楚寒盯着刚才虚影的位置,一言不发。他知道那不是安慰,是警告。女帝正在赶来,但被人拦住了。
南宫玥抬头看了看鸟,又低头看自己手腕上的锁链,“她想说的是什么?”
“不重要。”楚寒说,“重要的是她让我们撑住。”
他弯腰捡起那枚刻着“南宫”的齿轮,扔进怀里。手指碰到玉简,还在发烫。
地底震动加剧,新的血傀从裂缝中爬出。这一次,它们手里拿的不再是铁戟,而是断裂的剑刃、破碎的符纸、甚至还有半截婚书——全是南宫玥这些年用过的物品残骸。

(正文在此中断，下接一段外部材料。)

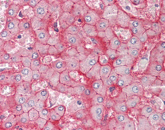 Anti-SLC22A1 / OCT1 antibody IHC staining of human liver. |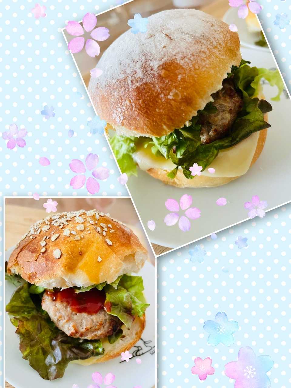 丸パンはこのようにハンバーガーにすることもあります手書きハート手書きハート

她造的器,写的方子,走过的路,全都被人挖了出来,炼成了杀人傀儡。
楚寒冷笑一声,“挺会算计。”
南宫玥咬牙,“他们以为这样就能吓住我?”
“不是吓你。”楚寒盯着不断涌出的敌人,“是告诉你——你藏不住。”
她沉默。
一只血傀举起半块护心镜,镜面映出她的脸。她看着那张苍白的脸,忽然笑了。
“好啊。”她说,“那就看看是谁先疯。”
她猛然抽出腰间最后一枚毒蛊,咬破指尖,血涂其上。蛊虫通体变黑,尾部燃起幽绿火焰。
楚寒察觉到异样,立刻传音:“别硬拼!”
“我没打算死。”她冷笑,“我只是不想再躲了。”
她将毒蛊拍入地面。
刹那间,整条锁链剧烈震颤。楚寒只觉一股狂暴气息顺着连接冲来,几乎撕裂他的经脉。但他没有切断,反而主动放开防御,让那股力量涌入。
系统杀意沸腾。
战斗经验疯狂转化,功法自动调整输出模式。他的断剑开始共鸣,紫焰翻腾,竟带上一丝绿意。
“你做什么?”他问。
“引爆所有旧物。”她说,“既然他们拿我的东西炼傀,那就让这些东西——全炸一遍!”
她双手合十,猛地拉开。
地下传来连环爆响。
那些埋在血傀体内的炼器残片,无论大小,全部自燃。齿轮熔断,弹簧炸裂,毒针倒射而出,刺穿操控它们的黑线。一具具血傀在内部爆炸中四分五裂,残肢乱飞。
楚寒抓住机会,断剑横扫。
紫绿双焰交织成弧,斩穿七具正在重组的傀儡。锁链高速震颤,两人呼吸完全同步,攻击节奏严丝合缝。
南宫玥咳了一声,嘴角渗血。
楚寒立刻感知到她内腑受损,反手将一缕战意送过去。她没拒绝,继续掐诀,准备引爆第二批。
“别贪多。”他说,“你还得活着走出这里。”
“那你呢?”她反问,“你不也是赌命?”
“我不同。”他咧嘴,“我死过太多次了,这次轮到别人疼。”
她看了他一眼,忽然低笑,“行,那我就陪你疯一次。”
她抬起手,正要引爆下一波,楚寒突然喝道:“停!”
他左臂锁链剧痛,一股陌生气息正从深处逼近。不是血傀,也不是机关。
是活人。
南宫玥立刻收手,毒蛊退回袖中。她靠在他背后,呼吸放轻。
地底震动停止了几秒。
然后,一具新的血傀缓缓爬出。
它比之前的都高,全身复盖暗红铠甲,胸口嵌着一块完整的护心镜——正是南宫玥十年前丢失的那块。镜面上,血迹勾勒出一个符文。
它抬起头,眼窝里没有光,只有一团旋转的黑雾。
楚寒握紧断剑。
他知道这具傀儡不一样。它不只是载体,更象是容器。
南宫玥盯着那块护心镜,声音发冷:“那是我娘留下的最后一件东西。”
“现在是别人的了。”楚寒说。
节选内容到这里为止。